This week is Dashboard Week here at the Data School, meaning every day this week we will be getting a new dashboarding challenge to create and blog about. Today, we were given a very messy data source and given the challenge to clean it and create a dashboard.
The data set provided at the start of the day looked at covid vaccines and their efficacy rates. It was structured in a way that was easy to read in Excel, but definitely not easy to read by a computer. When brought into Alteryx to be cleaned, the data looked like this:

As you can see, there are lots of nulls and mismatched values. I wanted the data to end up looking a lot cleaner, so I wrote out my ideal way the data would be structured in excel:

To go from the messy data to this nicely cleaned format, I came up with 8 steps.
- Remove the extra bottom rows
They provide extra sources and info that I don't need. - Remove the first 7 rows of data
The first 7 rows provide extra info about the variants, which could be its own dataset but should not be put with this one. - Create a new column for "protection against"
-The information about what the viruses protect against was lost in another column, so I needed to extract it and make it its own column. - In the Variant column, remove the 'sinovac' and 'novovax' rows, rename 'pfizer' to 'pfizer / moderna' then fill down with only 'pfizer / moderna', 'astrazeneca', and 'j and j'.
This would clean up the Vaccine Name column. - Remove all null columns and columns with links
- Fill down the # of doses column so there are no nulls
- Transform the data using the Columns to Rows tool, combining the 4 variant names. The values in those columns should go into an Efficacy column.
- Standardize Efficacy Numbers
-The efficacy numbers were in different formats, some decimals, some whole numbers, and some ranges. I needed to make them all the same.
To complete these steps, I created an Alteryx flow. Each tool used to complete one of these steps is in a container that is named the step number.

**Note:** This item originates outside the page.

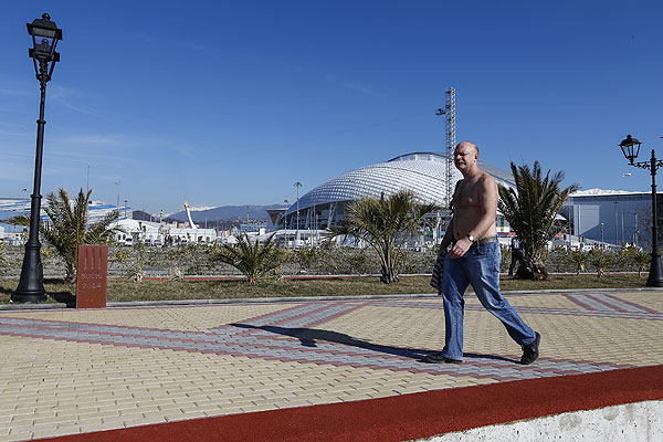 Мужчина снял рубашку и прогуливается по набережной Олимпийского парка. Где-то вдали горит огонь зимней Олимпиады.

After running this flow, I was left with the clean data set looking like:

With the data fully cleaned and ready to bring into Tableau, I then was able to start sketching what the dashboard I wanted to build would look like. I decided to compare the 3 vaccines to see which was the most effective. I did this by creating a bump chart that ranks the 3 vaccines by how well they handled each covid strain, and compared the 3 again using KPIs. I also wanted to add a chart to show the sources of the efficacy tests. My final dashboard ended up looking like:

To see the dashboard, visit my Tableau Public here: https://public.tableau.com/app/profile/george.chachkes/viz/EfficacyofCovidVaccines/Dashboard1?publish=yes
This was a great day 1 of dashboard week, and I'm looking forward to the rest!